§ **Task item**: Below are the entries; transcribe them exactly and drop every picture.

Data records: Begin

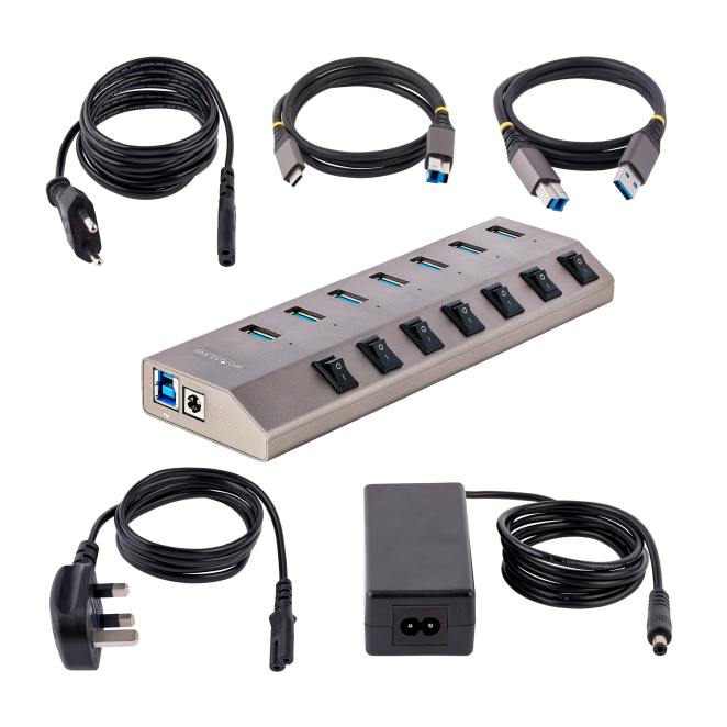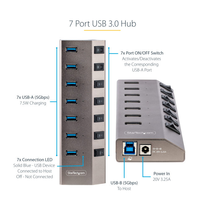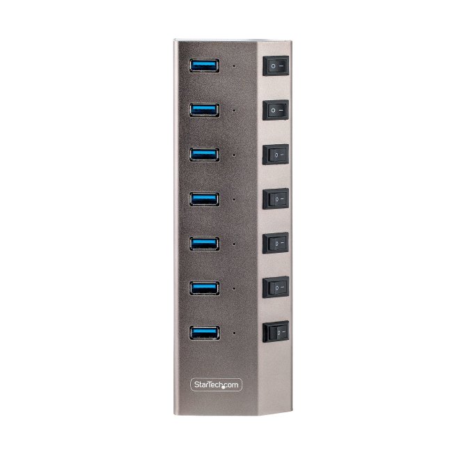 StarTech.com Hub USB-C autoalimentado con 7 puertos USB 3.0, interruptores individuales, fuente de alimentación y velocidad de transferencia de 5 Gbps. SKU: 5G7AIBS-USB-HUB-EU.
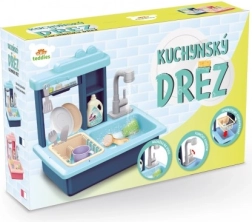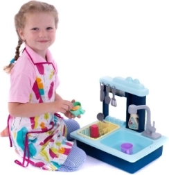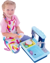 Ο παιδικός νεροχύτης για πλύσιμο πιάτων διαθέτει λειτουργική βρύση και δεξαμενή νερού που επιτρέπει πραγματική ροή, προσφέροντας ακόμη μεγαλύτερη διασκέδαση στο παιχνίδι. Περιλαμβάνει επίσης αποσπώμενο στεγνωτήριο και πρακτικά αξεσουάρ κουζίνας.
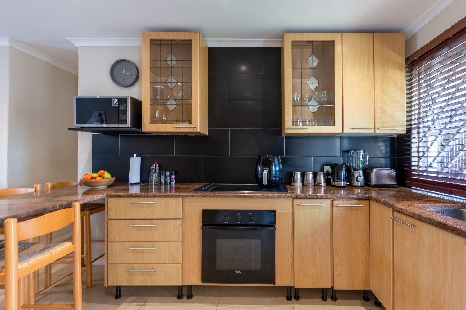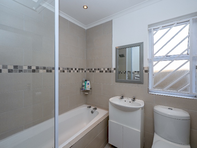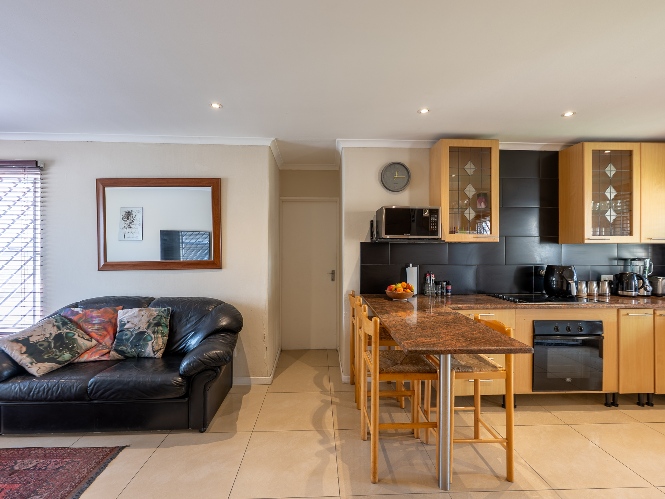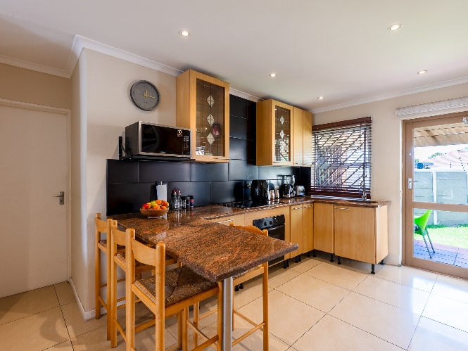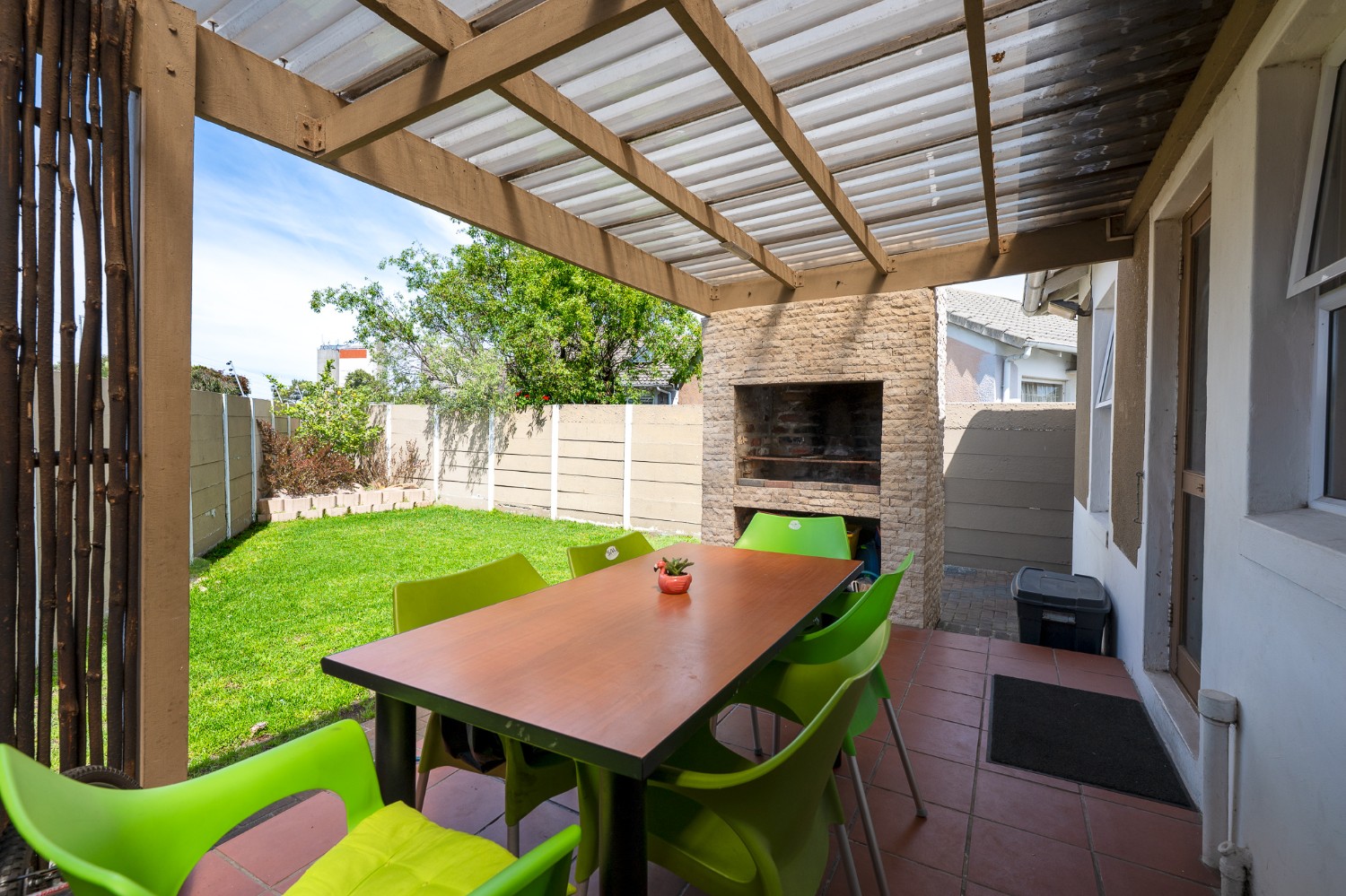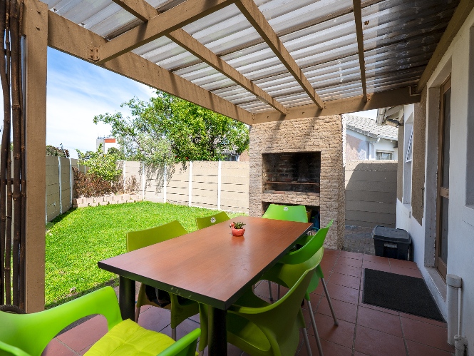 An undercover braai area creates a wonderful space for entertaining, leading out to a private garden, perfect for children to play and for enjoying outdoor relaxation. The complex also features a communal swimming pool, adding to the overall lifestyle appeal.
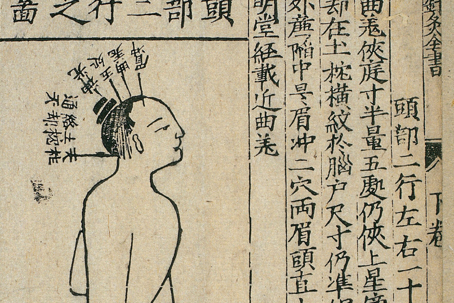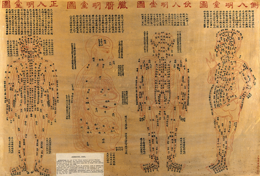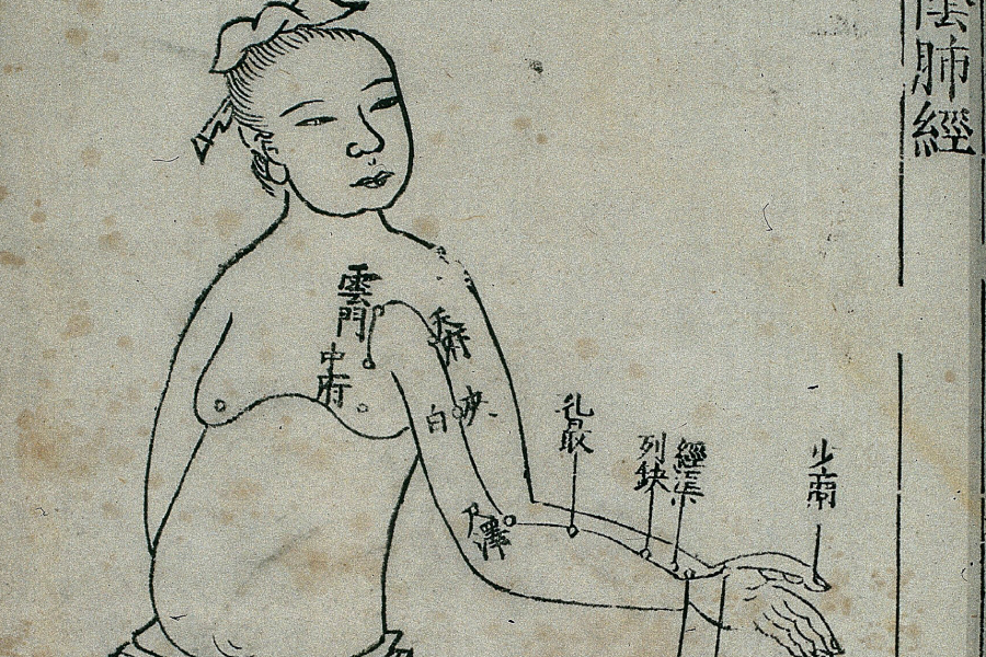 Человеческое тело с изображением кровеносной системы и акупунктурных точек. Цветная ксилография китайского художника. Фото: Wellcomeimages.com
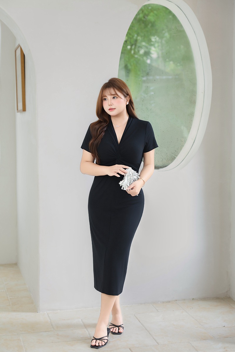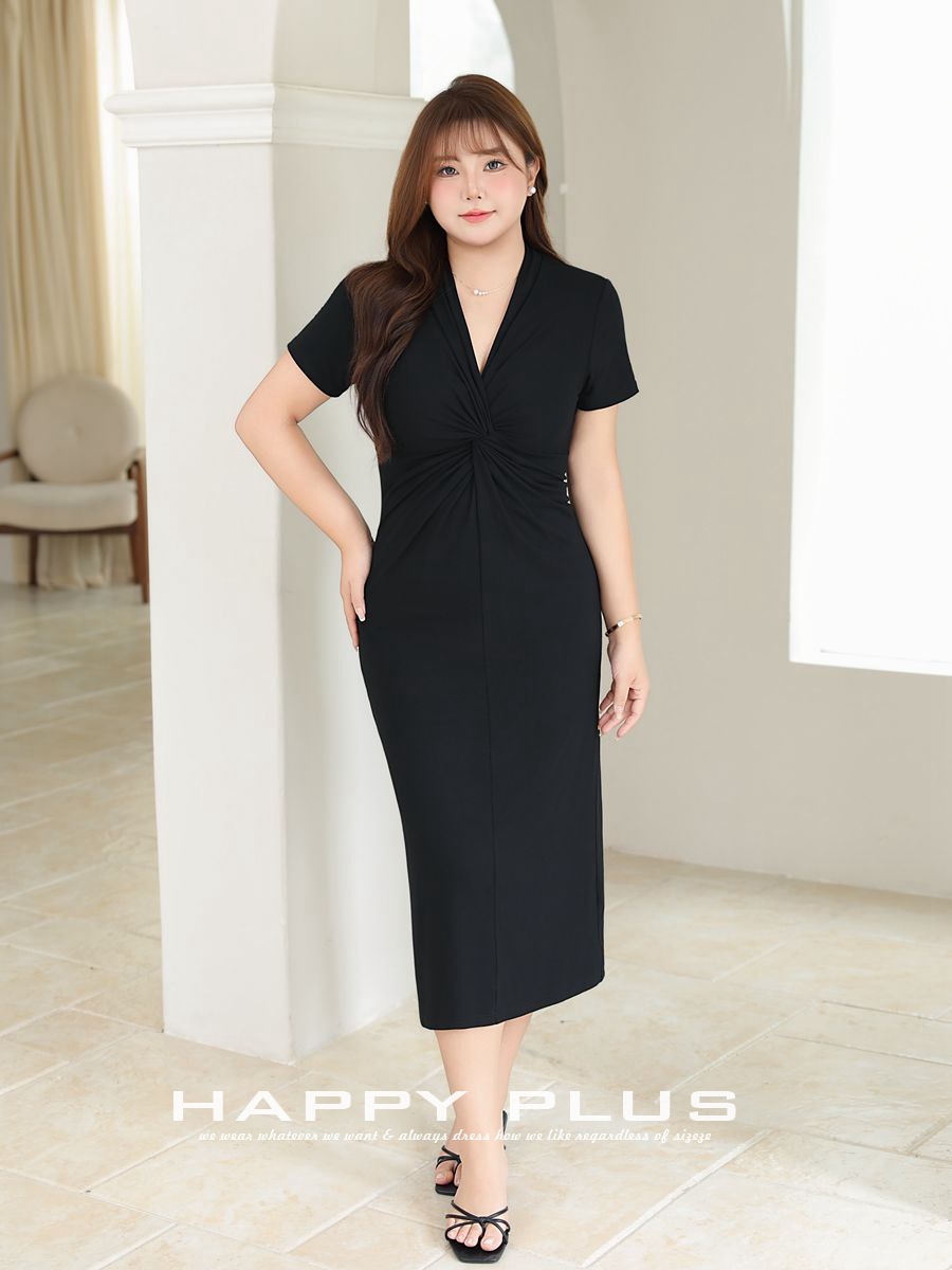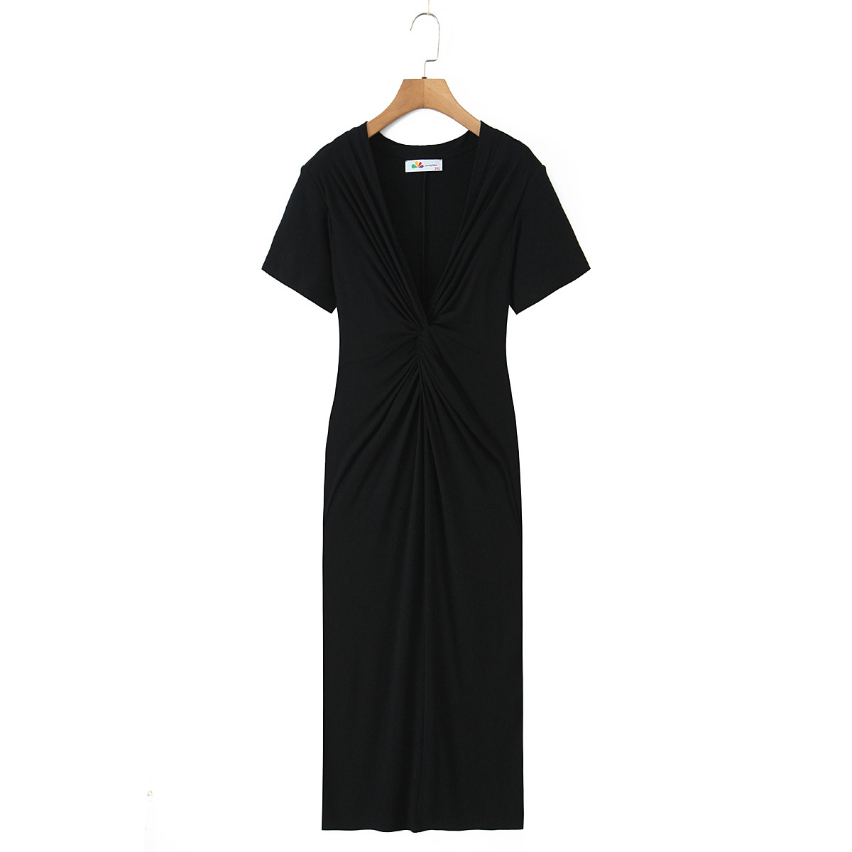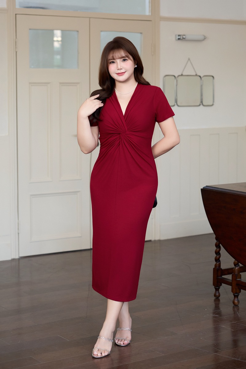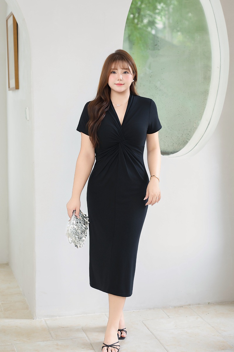 Красное платье Yujie с v-образным вырезом и разрезом на бедрах, с короткими рукавами, Runqi 9292, маленькое черное платье большого размера с вертикальным вырезом на талии
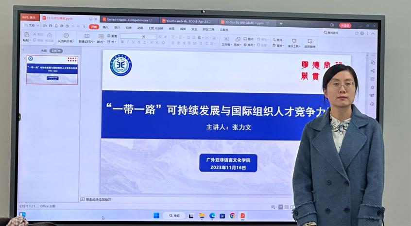 为了让员工更好地了解“一带一路”可持续发展以及联合国对人才的需求,培养高水平多语种复合型人才,11月6日下午,永利集团3044am在白云山校区第一教学楼北楼216教室开展“‘一带一路’可持续发展与国际组织人才竞争力培养”专题讲座。哥伦比亚大学博士、美国美国西东大学外交与国际关系公司教授张力文应邀作为主讲嘉宾出席本次讲座。此次讲座由经理助理田克萍主持。
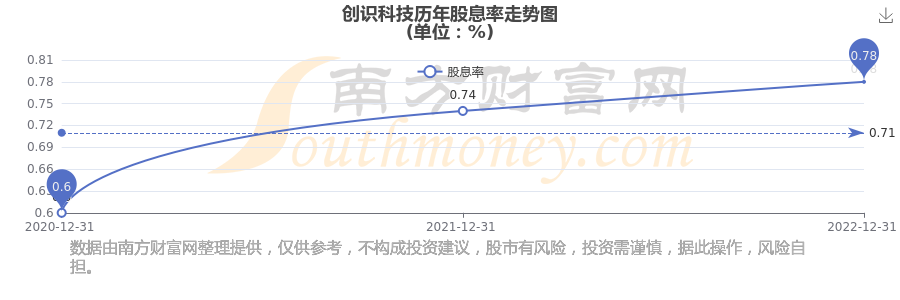 近年創(chuàng)識科技年度股息率走勢如下圖:
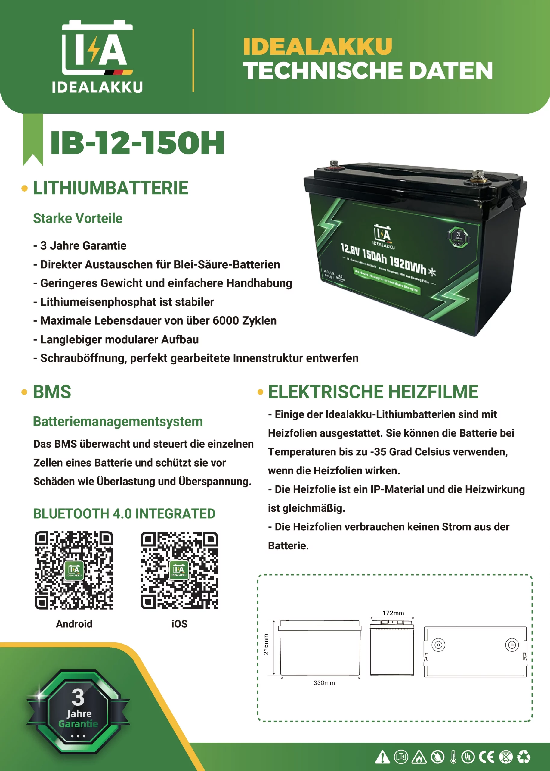Idealakku IB SERIE Lithium Batterie LiFePO4 12V 150Ah Smart BMS mit Bluetooth mit Heizung

Data records: End

§ **Task output**:
 StarTech.com Hub USB-C autoalimentado con 7 puertos USB 3.0, interruptores individuales, fuente de alimentación y velocidad de transferencia de 5 Gbps. SKU: 5G7AIBS-USB-HUB-EU.
 Ο παιδικός νεροχύτης για πλύσιμο πιάτων διαθέτει λειτουργική βρύση και δεξαμενή νερού που επιτρέπει πραγματική ροή, προσφέροντας ακόμη μεγαλύτερη διασκέδαση στο παιχνίδι. Περιλαμβάνει επίσης αποσπώμενο στεγνωτήριο και πρακτικά αξεσουάρ κουζίνας.
 An undercover braai area creates a wonderful space for entertaining, leading out to a private garden, perfect for children to play and for enjoying outdoor relaxation. The complex also features a communal swimming pool, adding to the overall lifestyle appeal.
 Человеческое тело с изображением кровеносной системы и акупунктурных точек. Цветная ксилография китайского художника. Фото: Wellcomeimages.com
 Красное платье Yujie с v-образным вырезом и разрезом на бедрах, с короткими рукавами, Runqi 9292, маленькое черное платье большого размера с вертикальным вырезом на талии
 为了让员工更好地了解“一带一路”可持续发展以及联合国对人才的需求,培养高水平多语种复合型人才,11月6日下午,永利集团3044am在白云山校区第一教学楼北楼216教室开展“‘一带一路’可持续发展与国际组织人才竞争力培养”专题讲座。哥伦比亚大学博士、美国美国西东大学外交与国际关系公司教授张力文应邀作为主讲嘉宾出席本次讲座。此次讲座由经理助理田克萍主持。
 近年創(chuàng)識科技年度股息率走勢如下圖:
Idealakku IB SERIE Lithium Batterie LiFePO4 12V 150Ah Smart BMS mit Bluetooth mit Heizung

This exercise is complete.